** Exercise requirements **
Transcribe each line of the records below exactly, excluding any embedded images.

Recorded data:
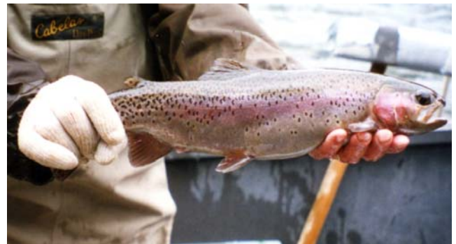
REDSIDE FROM CROOKED RIVER ELECTROSHOCK SURVEY

Everyone pays for their own breakfast, and no reservations are required. Don't forget to buy a new 2004 fishing license (one of the benefits of this outing is that you won't forget to buy one in April!). Yes, you can bring the in-laws if you want to. See you at Jake's.
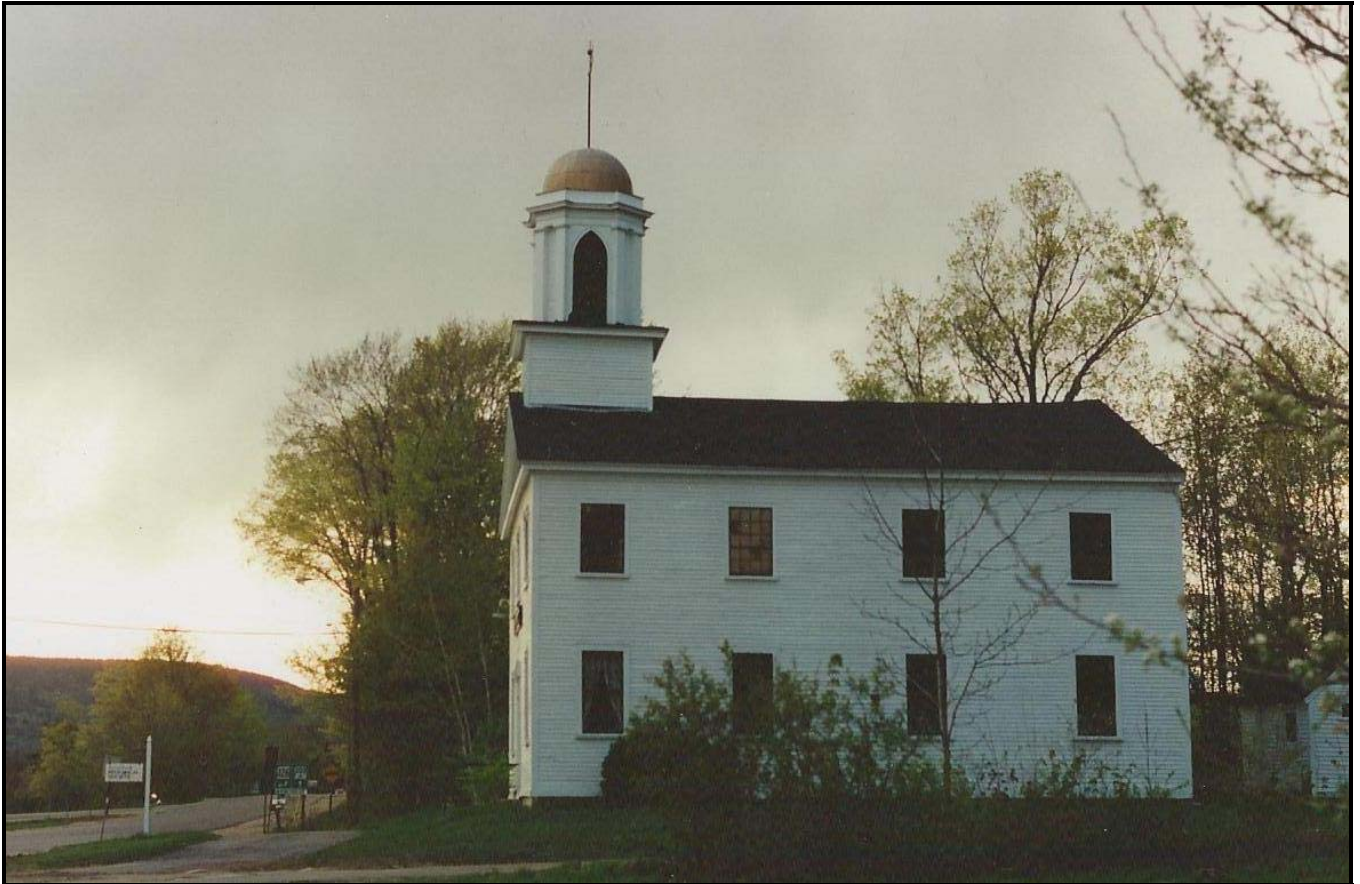
Austin Hall in Strafford
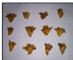
Figure 9 Dehydration of Pineapple Figure 10 Dehydrated Pineapple
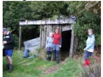
Even Hobbits duck
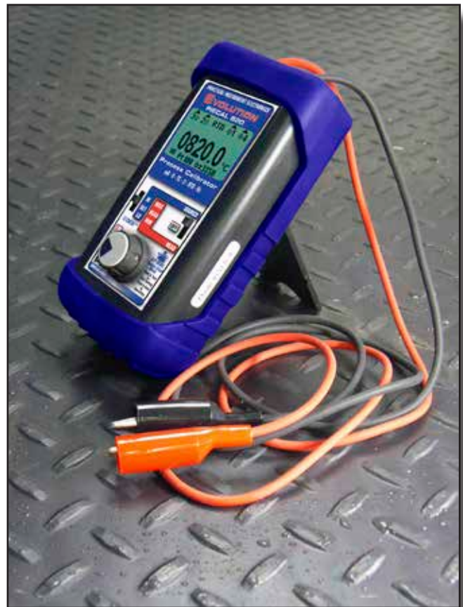
Flip out stand for bench use

* Thermocouple extension wire, stripped on one end with a corresponding miniature thermocouple male connector on the other end.
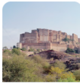
Rao Jodha Desert

Jaisalmer, Today We Proceed To Jaisalmer – Golden City Of Desert Famed For Its Yellow Sandstone Architecture. Upon Arrival We Take Blissful Boat Ride In Gadisar Lake Surrounded By Many Temples, Shrines And Ghats. Later We Enjoy Delightful Puppet Show – A Preserved Ancient Folk Art Of Rajasthan.
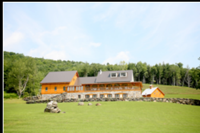
The Amee Farm

Recreation: golf, guided hikes, scenic tours, fitness retreats, spa, tennis, mountain biking, stables, kayaking, fishing, paintball, cross-country skiing, hot air balloon rides, guided snowmobile tours, snowshoeing, snow tubing, downhill skiing, snowboarding and sleigh rides
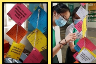
Students reading through the appreciation notes.
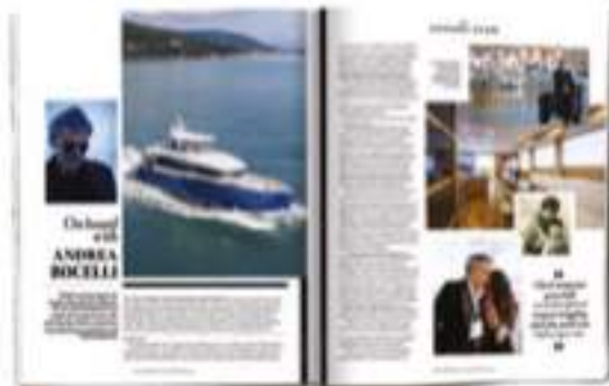
76 Andrea Bocelli sounds off about his off-stage passions
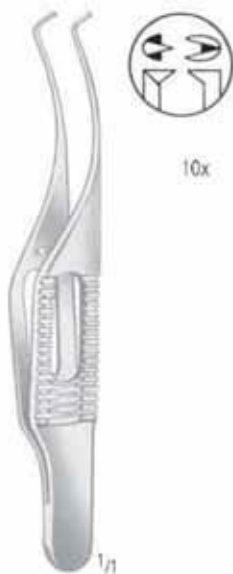
BARRAQUER-KATZIN 1:2 (Colibri) AB 750/07 7,0 cm/2 3 / 4 "
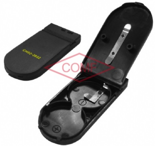
CH02-2032AS Shown without leads
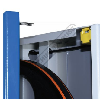
Safety Micro Switch On Door
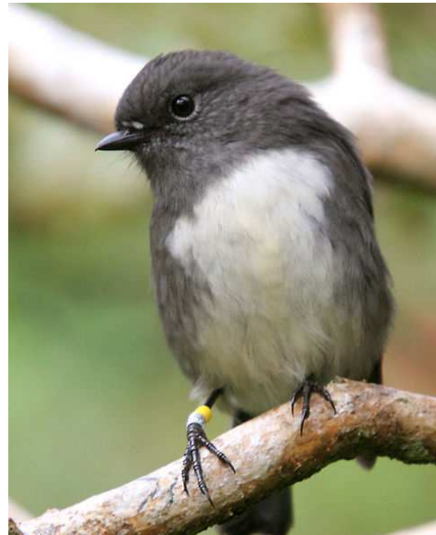
Robin / Toutouwai ( Petroica australis )

for porting mandoc(1) to Non-BSD systems and providing feedback
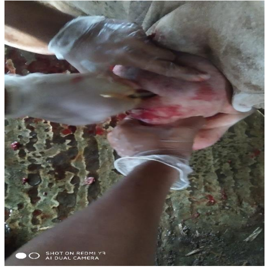
5. Making the incision
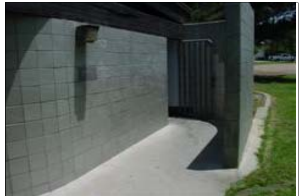
Men's Restroom Next to the Play Equipment

Full Rec: The restroom is designated accessible and should be made accessible for the facility. Post signage centered 60 inches above the ground surface on the latch side of the entrance door identifying the restroom as accessible upon completion of the following items (see CBC 1115B., ADAAG 4.1.2(7) and ADAAG 4.1.6(3)(e)). Signage shall include Braille and raised lettering, the gender or unisex use symbol and the ISA symbol. Post Title 24 gender use signage on the door @ 60" o.c. a.f.f.
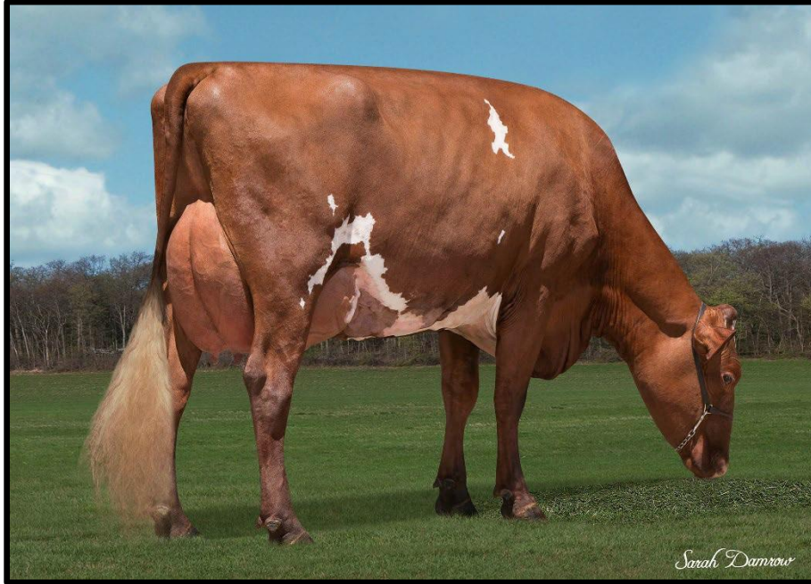
Krauses Wildcard Della VG88 EX90MS Same Maternal Family as Lot 10B
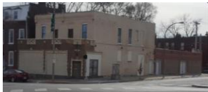
3424-3426 Cherokee St, 63118 Mixed Use, 10,040 sq. ft. - $90,000 (Pending)
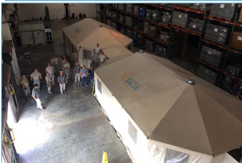
Left up: Inside this type of tent, any responding agency may conduct its operation. In this situation, USACE set up their Emergency Operation Center.

During an all-hazard response situation, a Western Shelter can provide first responders a "shelter" site solution for several emergency services, such as: emergency healthcare, law enforcement, disaster medicine, urban search & rescue, disaster mortuary, disaster veterinary, and more.

** Answer to the problem **
REDSIDE FROM CROOKED RIVER ELECTROSHOCK SURVEY

Everyone pays for their own breakfast, and no reservations are required. Don't forget to buy a new 2004 fishing license (one of the benefits of this outing is that you won't forget to buy one in April!). Yes, you can bring the in-laws if you want to. See you at Jake's.
Austin Hall in Strafford
Figure 9 Dehydration of Pineapple Figure 10 Dehydrated Pineapple
Even Hobbits duck
Flip out stand for bench use

* Thermocouple extension wire, stripped on one end with a corresponding miniature thermocouple male connector on the other end.
Rao Jodha Desert

Jaisalmer, Today We Proceed To Jaisalmer – Golden City Of Desert Famed For Its Yellow Sandstone Architecture. Upon Arrival We Take Blissful Boat Ride In Gadisar Lake Surrounded By Many Temples, Shrines And Ghats. Later We Enjoy Delightful Puppet Show – A Preserved Ancient Folk Art Of Rajasthan.
The Amee Farm

Recreation: golf, guided hikes, scenic tours, fitness retreats, spa, tennis, mountain biking, stables, kayaking, fishing, paintball, cross-country skiing, hot air balloon rides, guided snowmobile tours, snowshoeing, snow tubing, downhill skiing, snowboarding and sleigh rides
Students reading through the appreciation notes.
76 Andrea Bocelli sounds off about his off-stage passions
BARRAQUER-KATZIN 1:2 (Colibri) AB 750/07 7,0 cm/2 3 / 4 "
CH02-2032AS Shown without leads
Safety Micro Switch On Door
Robin / Toutouwai ( Petroica australis )

for porting mandoc(1) to Non-BSD systems and providing feedback
5. Making the incision
Men's Restroom Next to the Play Equipment

Full Rec: The restroom is designated accessible and should be made accessible for the facility. Post signage centered 60 inches above the ground surface on the latch side of the entrance door identifying the restroom as accessible upon completion of the following items (see CBC 1115B., ADAAG 4.1.2(7) and ADAAG 4.1.6(3)(e)). Signage shall include Braille and raised lettering, the gender or unisex use symbol and the ISA symbol. Post Title 24 gender use signage on the door @ 60" o.c. a.f.f.
Krauses Wildcard Della VG88 EX90MS Same Maternal Family as Lot 10B
3424-3426 Cherokee St, 63118 Mixed Use, 10,040 sq. ft. - $90,000 (Pending)
Left up: Inside this type of tent, any responding agency may conduct its operation. In this situation, USACE set up their Emergency Operation Center.

During an all-hazard response situation, a Western Shelter can provide first responders a "shelter" site solution for several emergency services, such as: emergency healthcare, law enforcement, disaster medicine, urban search & rescue, disaster mortuary, disaster veterinary, and more.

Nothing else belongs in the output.